Her other eyebrow went up.
"Not that you'd want to have sex with me of course," I continued. "You certainly might not be the kind of girl who would do that ... ."
She folded her arms.
"Oh! Not that girls who do have sex are bad! I love girls who have sex. You can have as much sex as you like, and I'd never think a thing about it. Have sex. Don't have sex. That's fine by me. It's your body ... . Did you still want to go out?"
I needn't have asked. My repartee had failed me again. Unfortunately, there are times when it doesn't, such as earlier that same week, when an 85-year-old man came into my store in a plaid leisure suit. He was, as Jerry Seinfeld puts it, a "low-talker," who kept mumbling incomprehensibly. Ever the nice guy, I simply smiled and nodded every time he spoke. Every third or fourth burst of mumbling, he would pronounce loudly, "Nice day for it."

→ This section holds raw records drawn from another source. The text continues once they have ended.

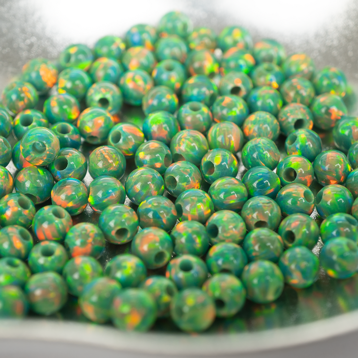 Please Note: Our lab-created opals can withstand heat up to approximately 250°F. For best results and to maintain the integrity of your beads, please avoid exposing them to high heat. Due to their unique composition, every bead is unique and color may vary.
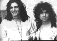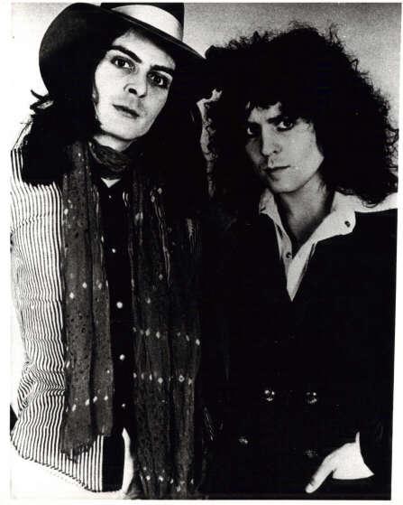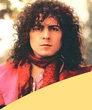 | Later in 1967 Marc and percussionist Steve Peregine Took formed an acoustic duo called Tyrannosaurus Rex. They made three albums, "My People Were Fair and Had Sky in Their Hair but Now They're Content to Wear Stars on Their Brows" (1968), "Prophets, Seers and Sages, the Angels of the Ages" (1968), and" Unicorn" (1969), then following an acrimonious American tour, split up. Steve Took died tragically in 1980 after choking on a cherry stone. It is alleged as a direct result of using a Tyrannosaurus Rex royalty cheque to purchase drugs. Marc brought in Mickey Finn as a replacement for the new album Beard of Stars (1970). This album also returned Marc to his electric roots, amid comments about him "selling out" like his hero Bob Dylan. |
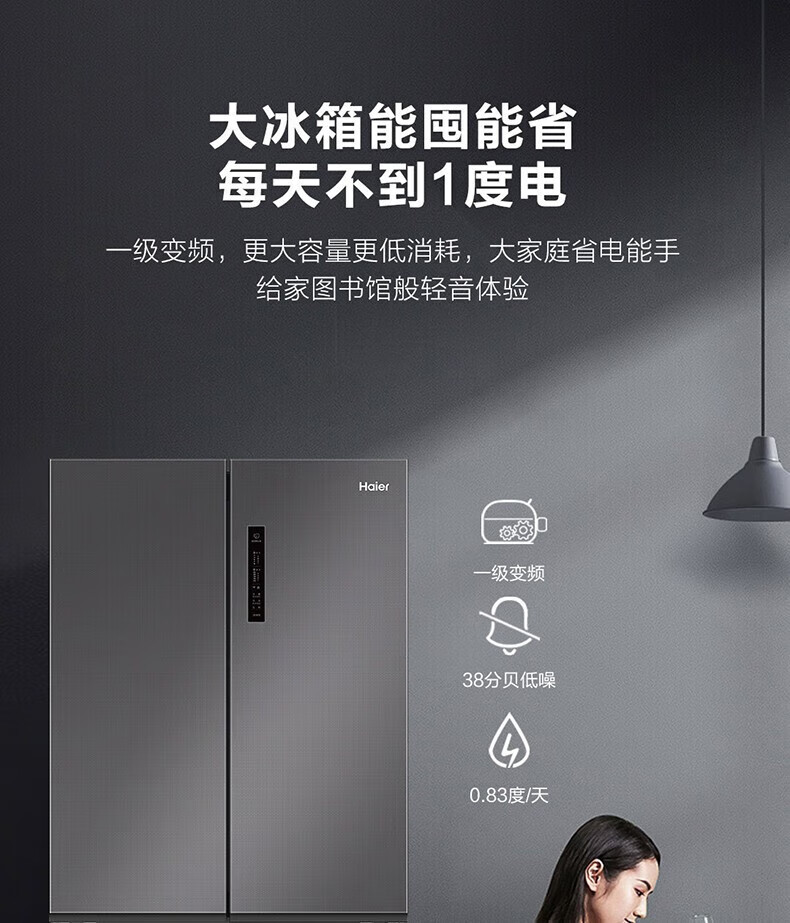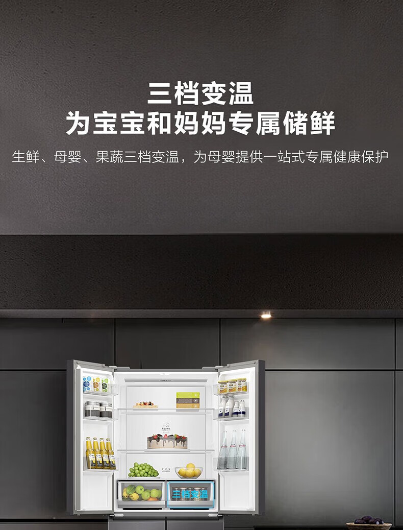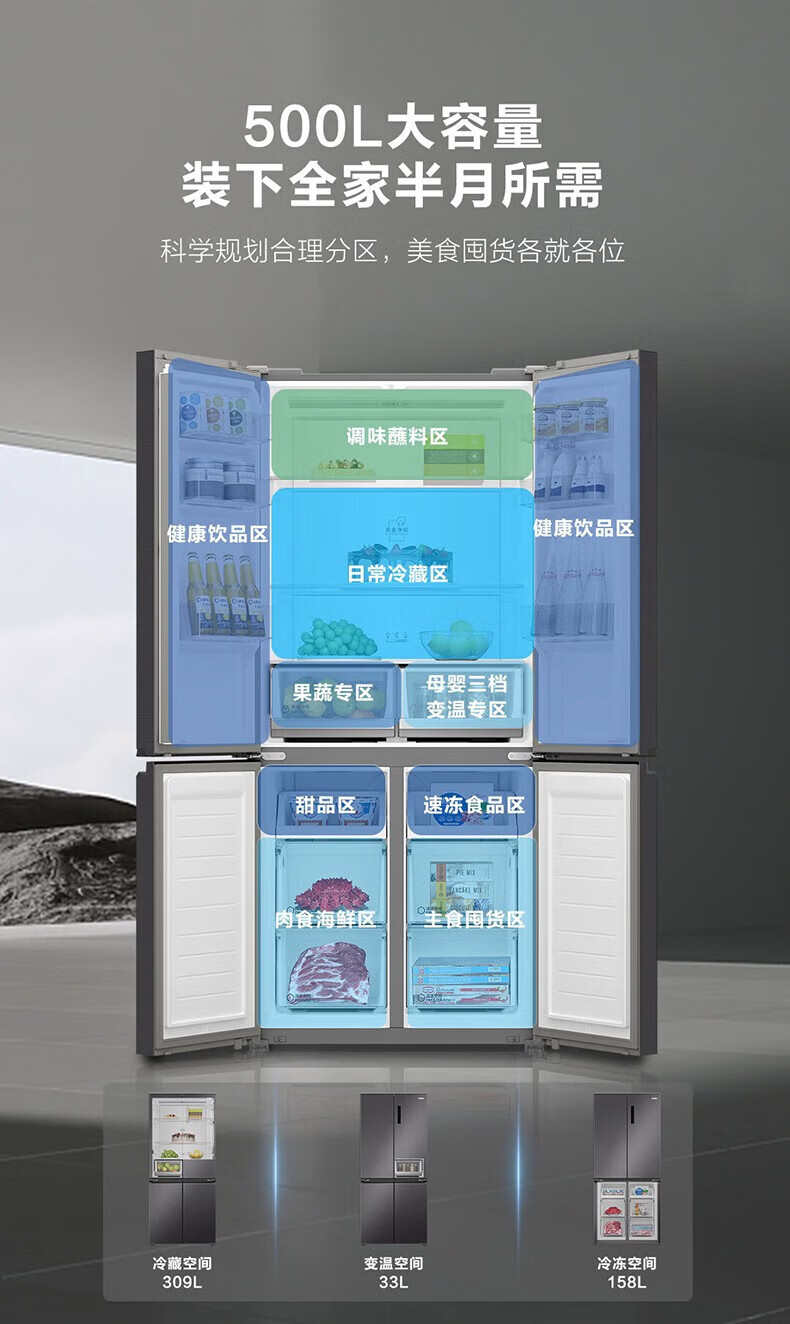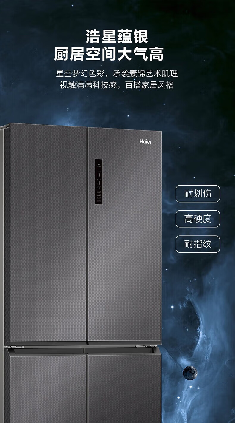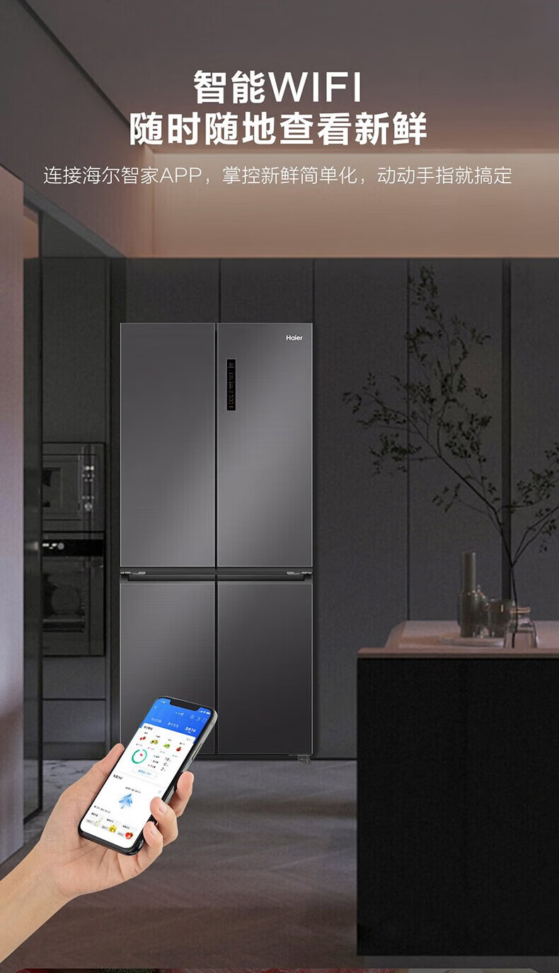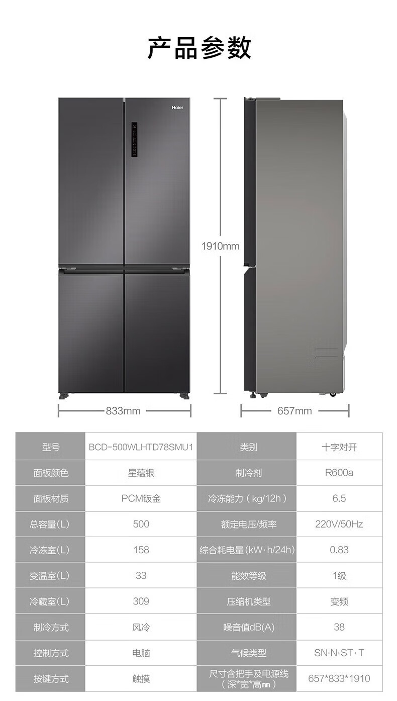 海尔(Haier)500升十字对开双开四开门电冰箱家用一级能效变频节能风冷无霜超大容量超薄BCD-500WLHTD78SMU1
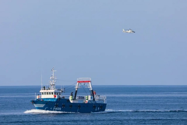 海军第40批护航编队岳阳舰为中国籍渔船护航,图为舰载直升机位周边海域巡逻警戒(胡韦楠 摄)
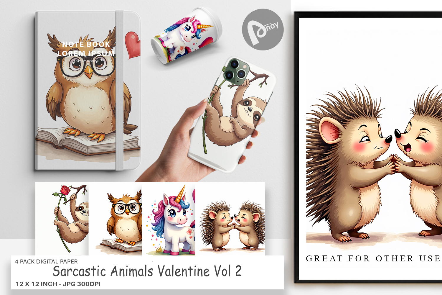 Digital Background Printable Scrapbook Paper Digital Paper Bundle Scrapbook Page Junk Journal Pages Sublimation Paper Background Sarcastic Animals Cynical Critters Funny Valentine Paper Animal Theme Craft
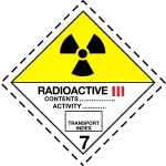Упаковка III — Жёлтая применяется, если максимальный уровень излучения материала в любой точке его поверхности составляет от 0,5 мЗв/ч до 10 мЗв/ч. | ||
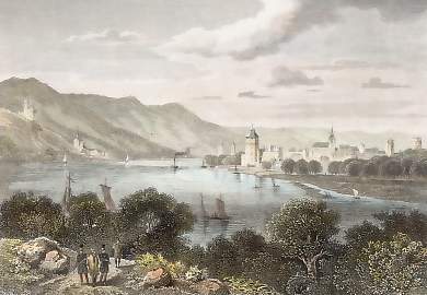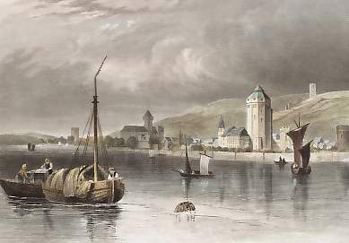 Allemagne. Gravure sur acier, gravée par J. Wix d´après W. Tombleson. 1832. Bon état. Aquarellage ancien. 15x10,5cm. Montée sous passe-partout.
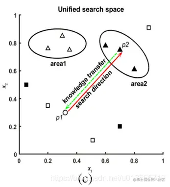 - 对于低相似性问题,任务1和任务2的总体分布非常不同[55]。对于KTS和KTM来说,不同任务的人群不适合互相引导去寻找一个理想的方向。这些任务之间很有可能发生负迁移。图1(c)示出了低相似度(LS)场景下的KTS的示例,其中不同任务的高质量解决方案分布在不同区域。这里,p1代表任务1的一个个体,p2是任务2的高质量解决方案。当知识从p2转移到p1时,p1会严重偏离任务1的高质量解决方案的收敛区域。
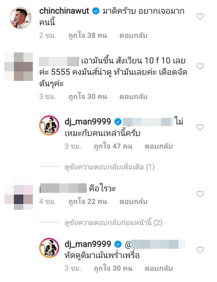 นอกจากนี้ ยังมีคนดังอีกหลายคน ที่ร่วมแสดงความไม่พอใจถึงหนุ่มคนดังกล่าว อาทิ ชิน ชินวุฒ ที่คอมเมนต์ใน IG ดีเจแมน ว่า "มาดิคร้าบ อยากเจอมากคนนี้" และ ไอซ์ ศรัณยู ที่บอกว่า "เพิ่งดู clip ตะกี้เองพี่ สุดมาก ๆ ๆ ต้องพบแพทย์ แต่ก่อนพบแพทย์ อยากให้พบพี่ก่อน"
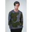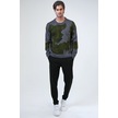 Antrasit Regular Fit Yeşil Desenli Bisiklet Yaka Triko Kazak-antrasit Antrasit

Relieved that I understood something at last, I would agree. "Yes!" I exclaimed. "Yes, it's a very nice day for it!"
And every time I did so, his smile would get bigger. Suddenly I realized he was looking in the very specific direction of my, um, crotch. At the same time, he was, well, how to put this delicately? He was enjoying his own company.
"What did you say?" I demanded.
"Do you want to have sex?"
"NO!"
He left. If there's one thing I know how to do by now, it's drive people off. I just need to learn to attract them. With the election coming up, it seems reasonable to start a school that would teach that skill.
It's a good year for it, wouldn't you say?
While most of the personal anecdotes are fairly accurate, Todd Foltz's love life isn't near the catastrophic condition of the Dole Campaign.